-- Data excerpts follows --

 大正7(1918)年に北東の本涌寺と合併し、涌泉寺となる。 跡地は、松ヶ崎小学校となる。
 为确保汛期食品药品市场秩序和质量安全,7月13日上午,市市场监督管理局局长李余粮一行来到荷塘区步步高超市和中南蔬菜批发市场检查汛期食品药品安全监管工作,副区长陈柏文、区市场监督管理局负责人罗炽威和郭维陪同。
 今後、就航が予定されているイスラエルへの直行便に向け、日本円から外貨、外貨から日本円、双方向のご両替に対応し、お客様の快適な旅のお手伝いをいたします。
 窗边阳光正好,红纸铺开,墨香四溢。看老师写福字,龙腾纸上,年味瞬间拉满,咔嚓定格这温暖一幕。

-- Data excerpts concluded --
-- Data excerpts follows --

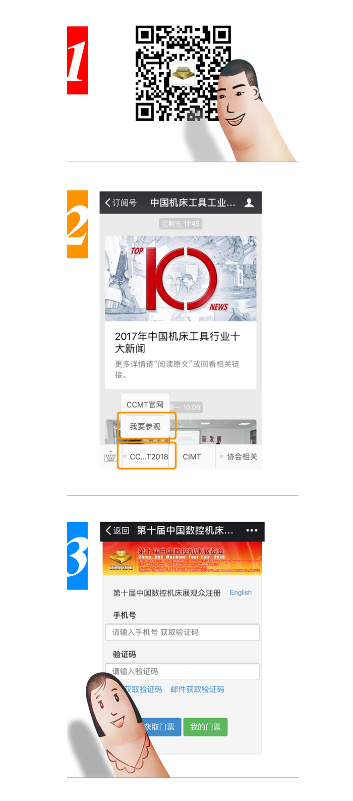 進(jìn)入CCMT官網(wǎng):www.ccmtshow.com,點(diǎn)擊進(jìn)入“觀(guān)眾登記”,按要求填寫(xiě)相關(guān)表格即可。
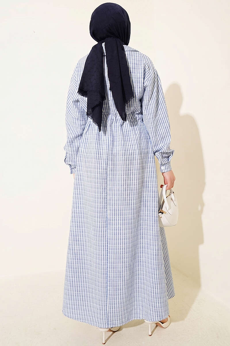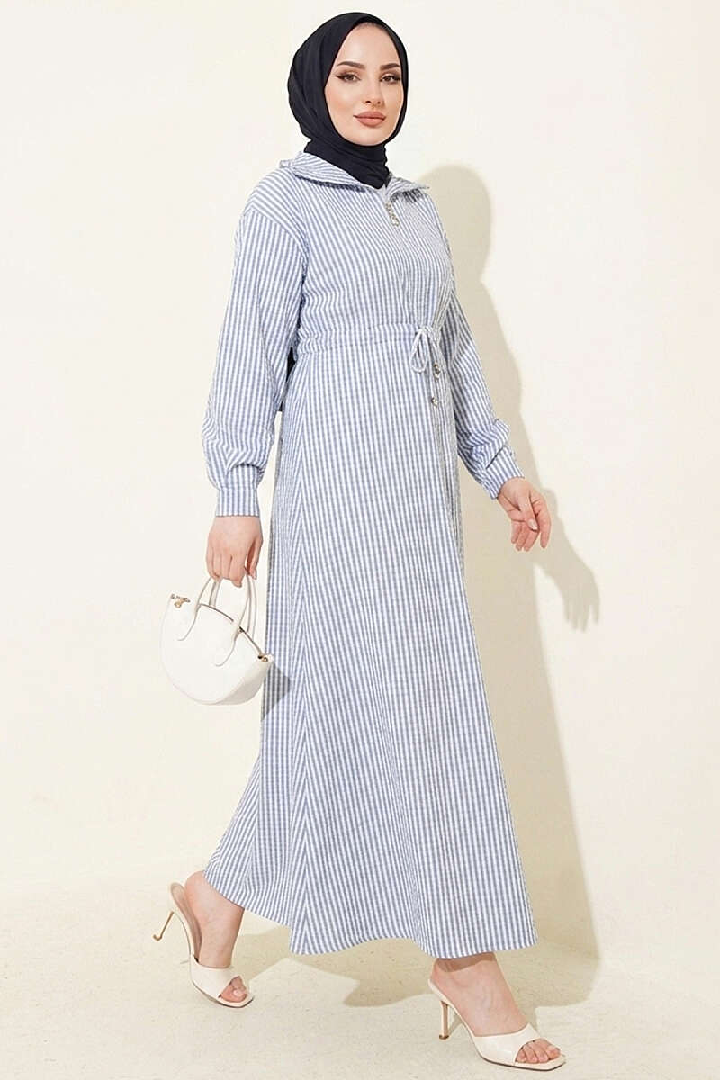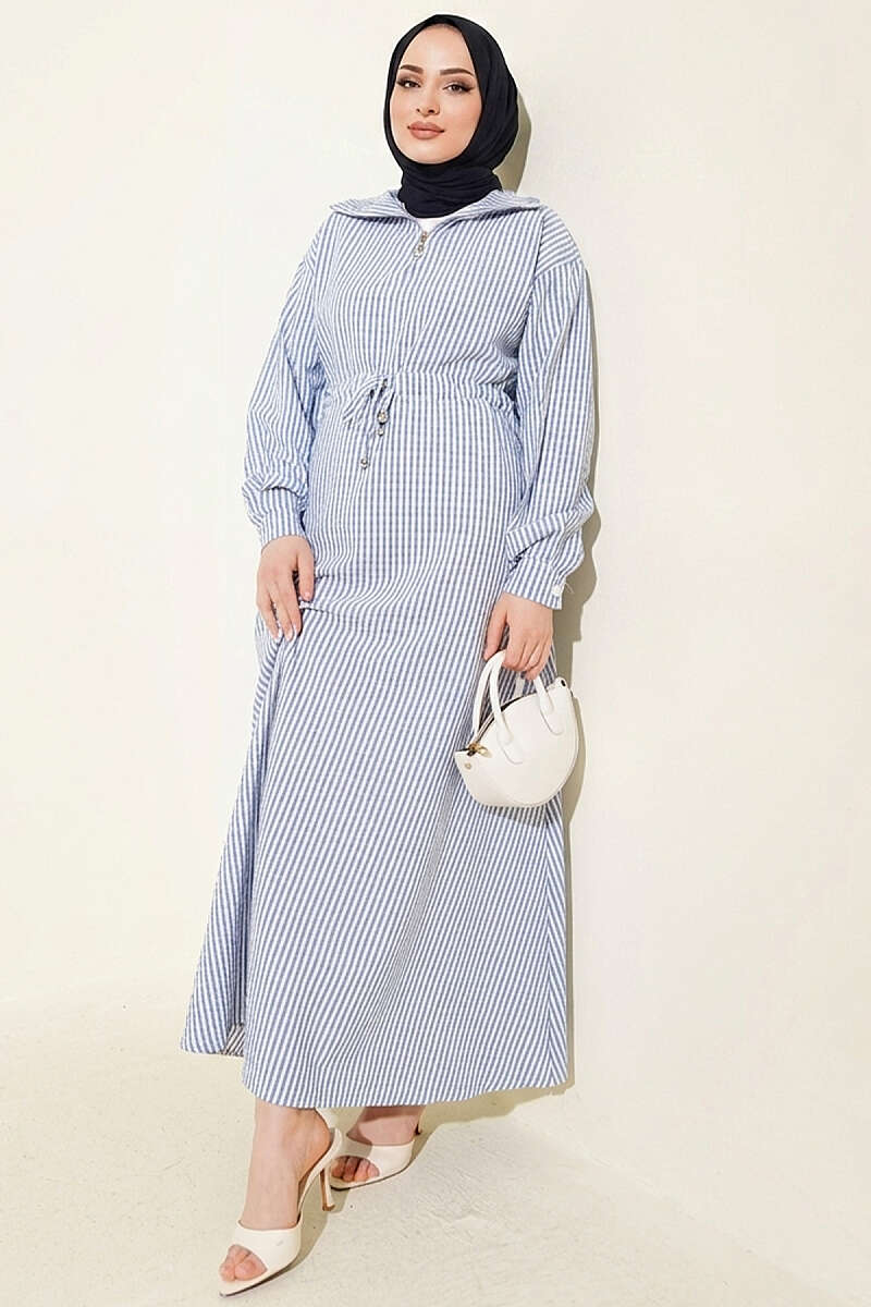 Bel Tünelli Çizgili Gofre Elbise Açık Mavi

-- Data excerpts concluded --
-- Data excerpts follows --

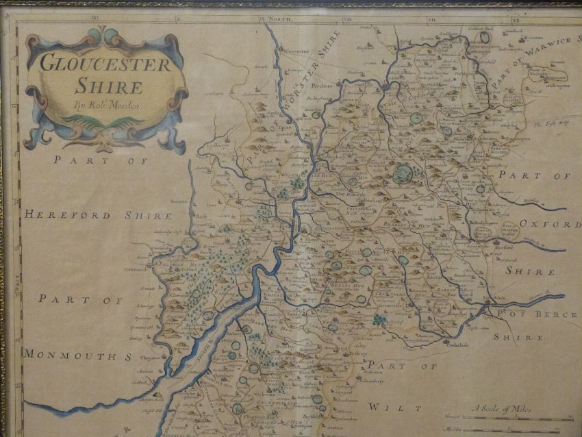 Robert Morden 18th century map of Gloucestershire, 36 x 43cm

-- Data excerpts concluded --

#### [Exercise instructions]
Please output the lines of the listing above that fall in the stretch from the one with "今後、就航が予定されているイ" through the one with "窗边阳光正好,红纸铺开,墨香", exactly and only those.

#### [Response below]
 今後、就航が予定されているイスラエルへの直行便に向け、日本円から外貨、外貨から日本円、双方向のご両替に対応し、お客様の快適な旅のお手伝いをいたします。
 窗边阳光正好,红纸铺开,墨香四溢。看老师写福字,龙腾纸上,年味瞬间拉满,咔嚓定格这温暖一幕。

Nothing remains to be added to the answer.